The Objective Standard Blog
Saturday, October 28, 2006
Objectivist Summer Conference 2007 Preview
Leonard Peikoff's The DIM Hypothesis available FREE at aynrand.org!
Next summer, Objectivist Summer Conference 2007 will present a new lecture series by Leonard Peikoff, presenting a detailed examination of his forthcoming book, The DIM Hypothesis.
For a limited time, as a prelude to this event, we are able to present to you, free of charge, a streaming audio recording of the original lecture series, delivered in 2004, in which Dr. Peikoff gave the first detailed presentation of his exciting new theory. Listeners are invited to experience this course as a document of the early development of Dr. Peikoff's latest work.
Streaming audio links for the course can be found online at the Ayn Rand Institute's Registered User Page. (If you aren't yet registered, registration is fast, free and easy—just click to register now!) Audio streams are available in both RealMedia® and Windows Media® formats.
Course description:
This 15-session course—part lecture, part discussion—was presented live to a worldwide audience by phone and on the Internet.

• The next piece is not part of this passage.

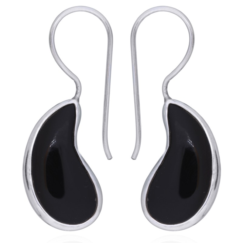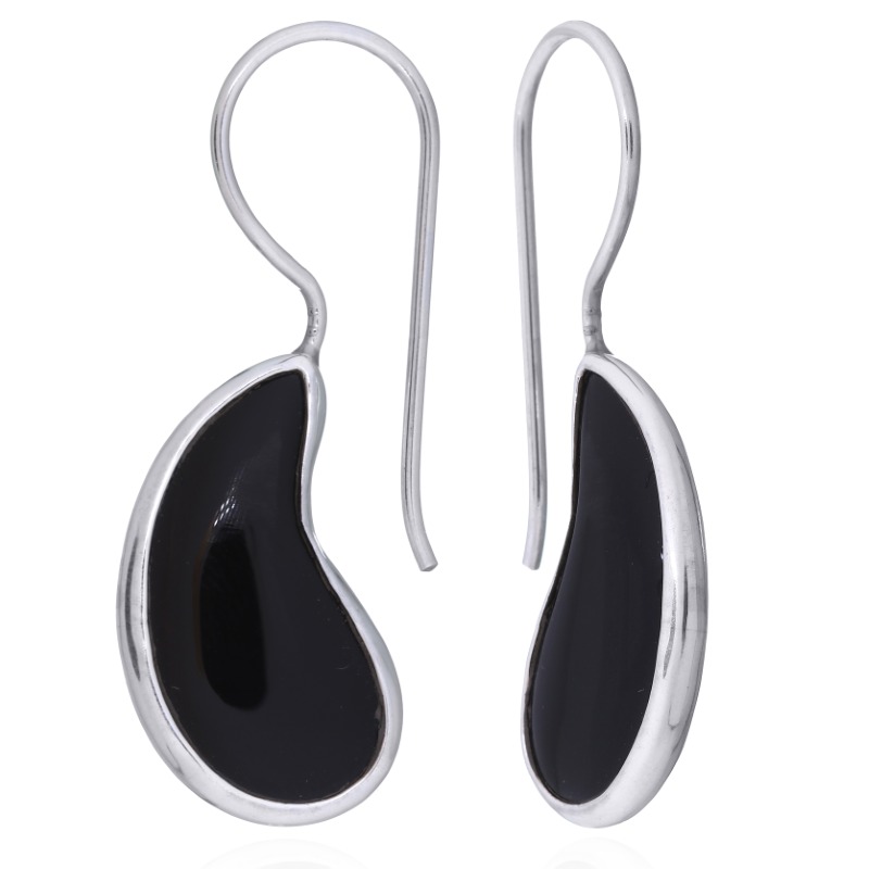 Highly polished 925 Sterling Silver surrounds the paisley cut Black Agate gemstone hand polished to a brilliant sheen the two materials produce a pair of fashionable Drop earrings of a charming appearance. Timeless elegance created by applying the shape of an ancient element that is successful in fashion since hundreds of years. With fixed hooks and handmade these earrings are simply adorable.

It is based on Dr. Peikoff's "The DIM Hypothesis" (book-in-progress), in which he looks at the role of integration in the culture and in practical life.
This course explains and explores Dr. Peikoff's new DIM hypothesis, applying it to ten different cultural areas, as listed in the course outline. The hypothesis identifies and distinguishes three types of mind: the mind characterized by I (Integration); by D (Disintegration); or by M (Misintegration). In the sessions Dr. Peikoff points out how all of the influential movements in the areas included reflect—and could only have been created by—one or another of these three mind sets. If enhancing your understanding of today's world and of where we are heading is an important concern of yours, Dr. Peikoff believes that you will find a DIM perspective on events to be of significant value.
As Dr. Peikoff recently explained: "[M]y thesis is that the dominant trends in every key area can be defined by their leaders' policy toward integration: they are against it (Disintegration, D); they are for it, if it conforms to reality (Integration, I); they are for it, if it conforms to a superior reality (Misintegration, M)."